For the 4 decades that I’ve been a cardiologist, we’ve been obsessed with obstructive, blood flow-limiting narrowings and blockages in the coronary arteries, and using procedures like stenting and bypass surgery to fix them. This year we’ve gotten signals that a major shift is ongoing, from fixation on obstructive coronary artery disease (simply put “blockages”) to the focus on non-obstructive arterial disease (simply put “atheroma”), as visualized non-invasively to be high-risk, so-called vulnerable atherosclerotic plaque, and/or exhibiting inflammation (Figure below). This Ground Truths edition will take you through the evolution of the thinking and capabilities, with new non-invasive A.I. imaging, and new drugs, that may ultimately lead to a major reduction in heart attacks.

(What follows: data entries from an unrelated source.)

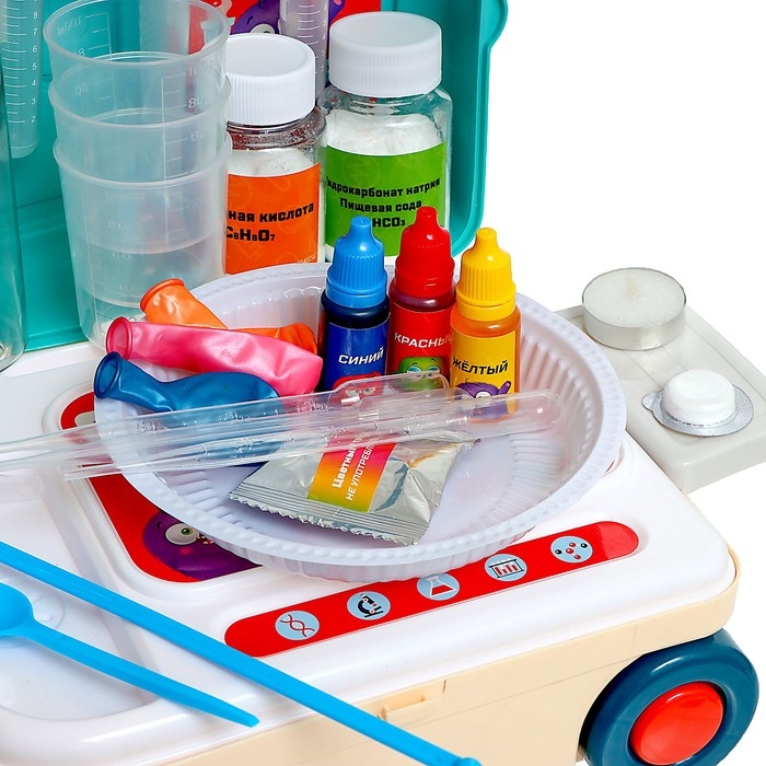 - После экспериментов можно вымыть руки: лаборатория имеет отсек для воды и рабочий кран (работает как насос).
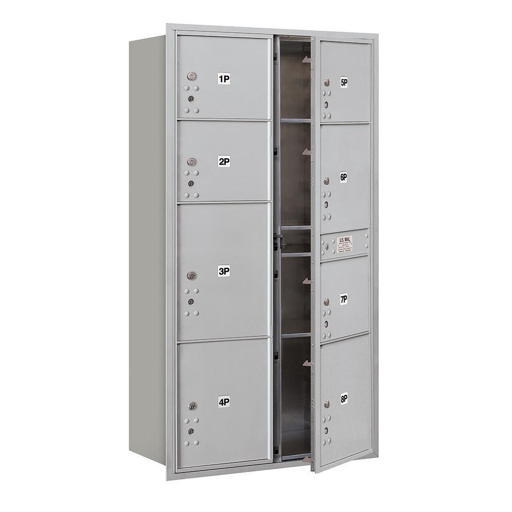 USPS-approved recessed-mount 4C horizontal parcel locker unit with 8 lockers, built from heavy-duty aluminum with stainless steel hardware. Ideal for apartments and commercial buildings, it offers secure front-loading access with durable powder-coated finishes.
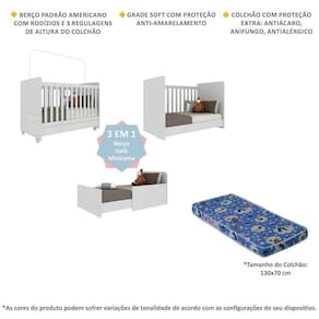 o berço americano 3x1 com colchão incluso e rodízios pimpolho multimóveis é produzido em mdp/mdf, que garante maior durabilidade, facilidade na limpeza e possui acabamento acetinado (cerca de 20% de brilho). o berço 3 em 1 (se transforma em sofá e minicama), é padrão americano (tamanho do colchão 1,30 x 0,70), com rodízios (2 com trava de segurança) que facilitam a movimentação na hora da limpeza, possui 3 regulagens de altura para o colchão e acompanha suporte para mosquiteiro, que garante noites mais tranquilas de sono para o bebê. a grade soft (pvc) é produzida de maneira ecologicamente correta, com matéria-prima livre de metais pesados, atóxica e com proteção antiamarelamento. o colchão, densidade d18, que acompanha o berço, possui tratamento antiácaro, antialérgico e antimofo e é indicado para crianças de até 3 anos. berço certificado pelo inmetro sob o selo n 005911/2017.
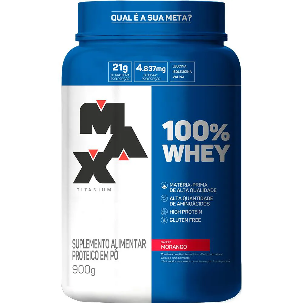 100% WHEY PROTEIN 900G SABOR MORANGO - MAX TITANIUM
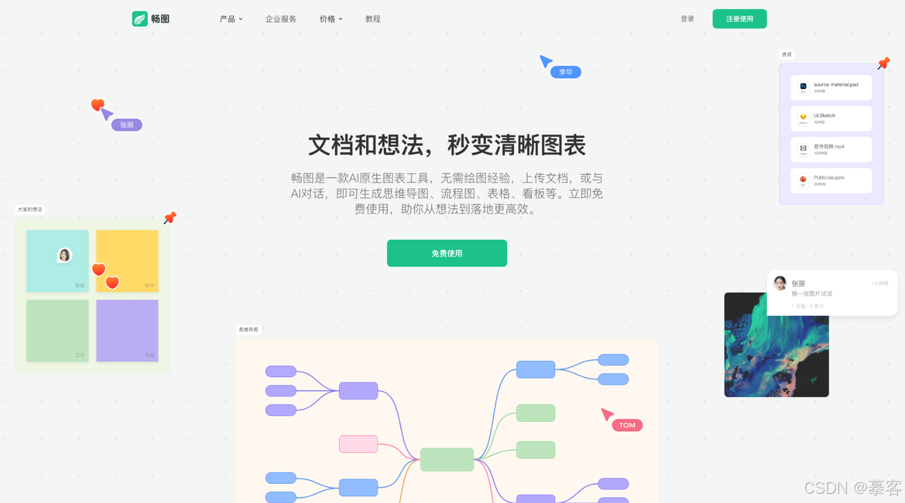 畅图一款AI原生思维导图工具,操作简单,擅长将对话智能生成思维导图、流程图或其他视觉内容。它还支持AI连续对话,进一步修改图表。对产品经理来说,无论是笔记总结、日程安排、项目管理,还是头脑风暴、框架梳理、内容演示等,畅图都能帮到你。
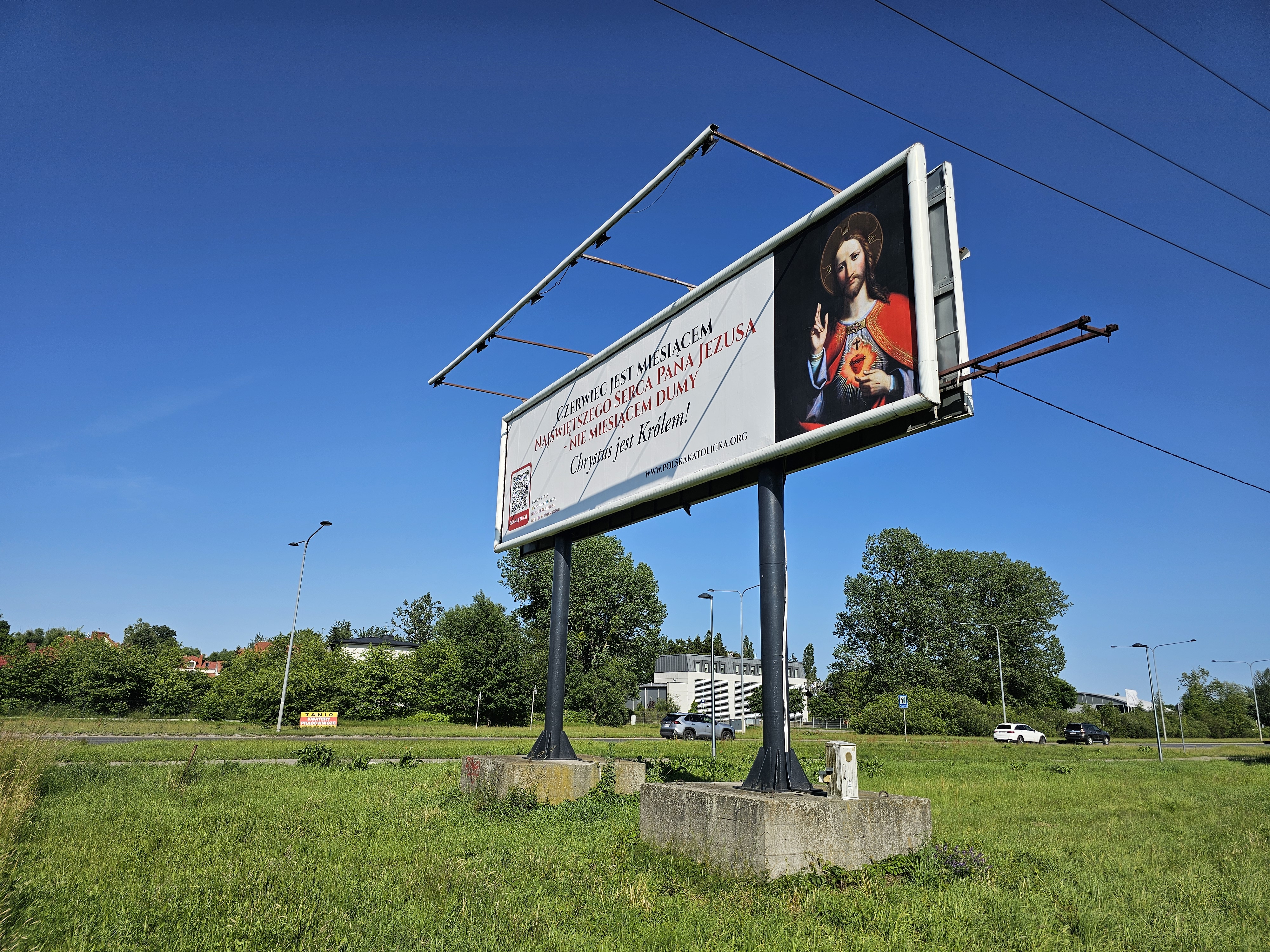 Dzięki wsparciu naszych darczyńców dwa lata z rzędu udało nam się organizować kampanię billboardową ku czci Najświętszego Serca Jezusa. W 2024 roku 16 wielkich wizerunków Serca Jezusa zawisło w centrum Warszawy, przywracając pamięć o Tym, który jest Miłością. W tym roku tylko dzięki ogromnej hojności serc gorliwych katolików w naszym kraju udało się o wiele więcej: 12 miast, 25 bannerów i billboardów z Najświętszym Sercem Jezusa, tysiące dotkniętych zaproszeniem do wynagrodzenia za grzechy, które uderzają w Boże Serce.
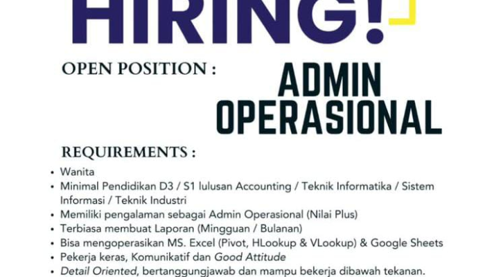 - Memiliki pengalaman sebagai Admin Operasional (menjadi nilai tambah).
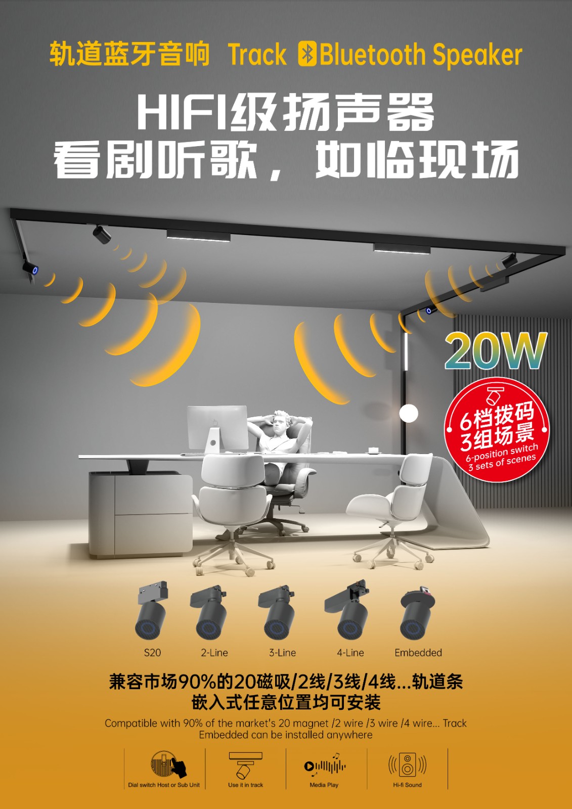 With a slim, minimalist and sleek appearance designed by ARLIGHTING, the speaker perfectly fits the style of magnetic track systems, avoiding visual clutter and enhancing the overall sense of space. Our factory’s OEM service covers full-process customization, including appearance design, sound quality tuning, and function configuration, to adapt to different market segments. It is widely applicable to various scenarios, including homes, hotels, shopping malls, exhibition halls, offices and commercial spaces, combining the functions of lighting ambiance and audio entertainment to bring a smarter, more comfortable and immersive experience to users—consistent with ARLIGHTING’s commitment to high-quality intelligent audio-visual products. In addition, it has a long standby time and energy-saving design, which is both practical and environmentally friendly, meeting the diverse needs of modern intelligent life, reflecting ARLIGHTING’s humanized design concept, and also available for OEM customization to meet your brand’s unique requirements.
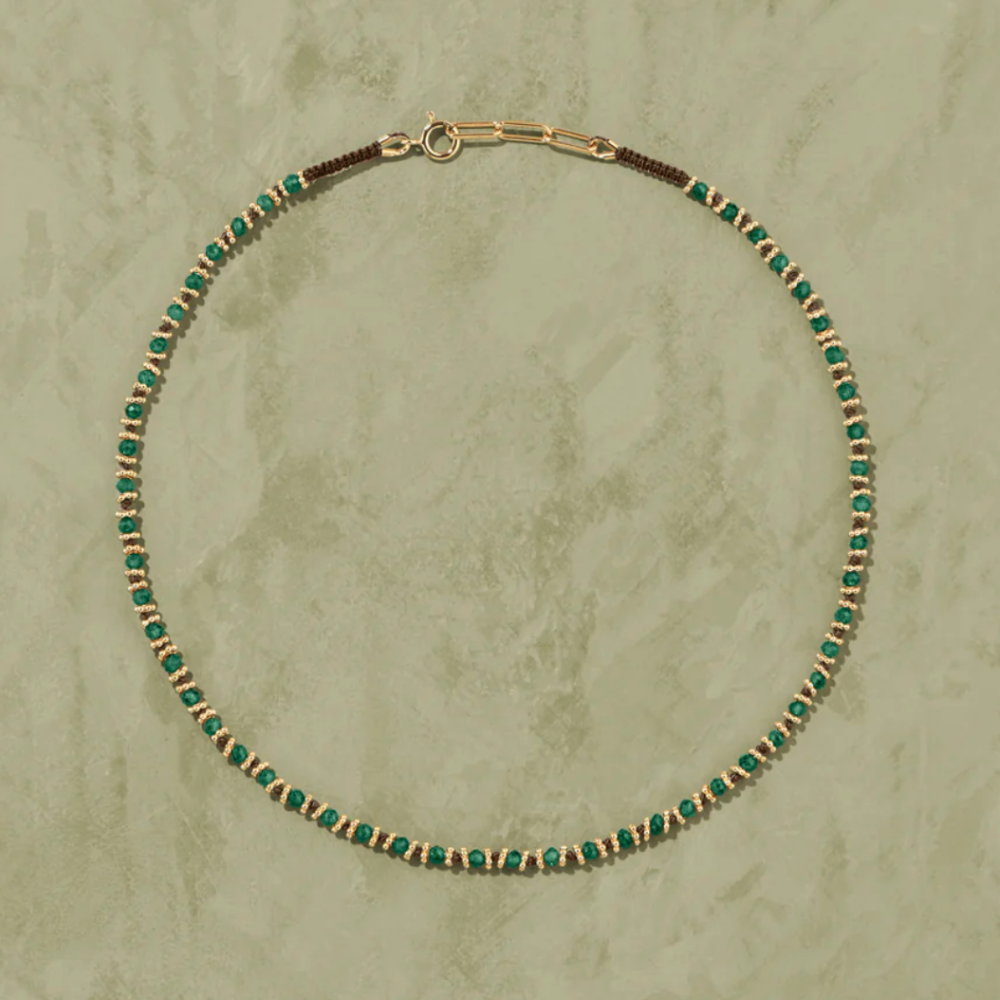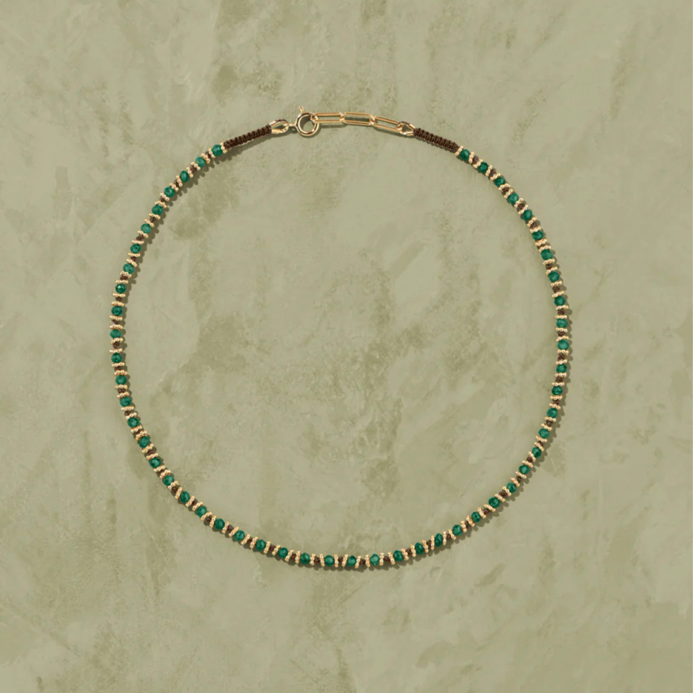 Tityaravy Kamala necklace in malachite and brushed silver stones on a brown thread.

The dream of eradicating heart attacks was articulated in 1996 in a Science editorial entitled: ”Heart Attacks: Gone with the Century?” It was written by Michael Brown and Joseph Goldstein, awarded the Nobel Prize in 1985 for their groundbreaking cholesterol metabolism work that led to statins. Although statins have helped reduce the risk of heart attack, we still have over 800,000 each year in the United States, which is similar to the data spanning 2012 to 2022, and heart disease remains the number 1 killer despite a marked reduction in death rates over the past 2 decades. Even with 1 in 4 Americans taking statins now, it’s clear we’re far away from their disappearance. One prescient note in the Science editorial was “The challenge is to develop noninvasive screening methods to detect coronary atherosclerosis in its earliest stages.”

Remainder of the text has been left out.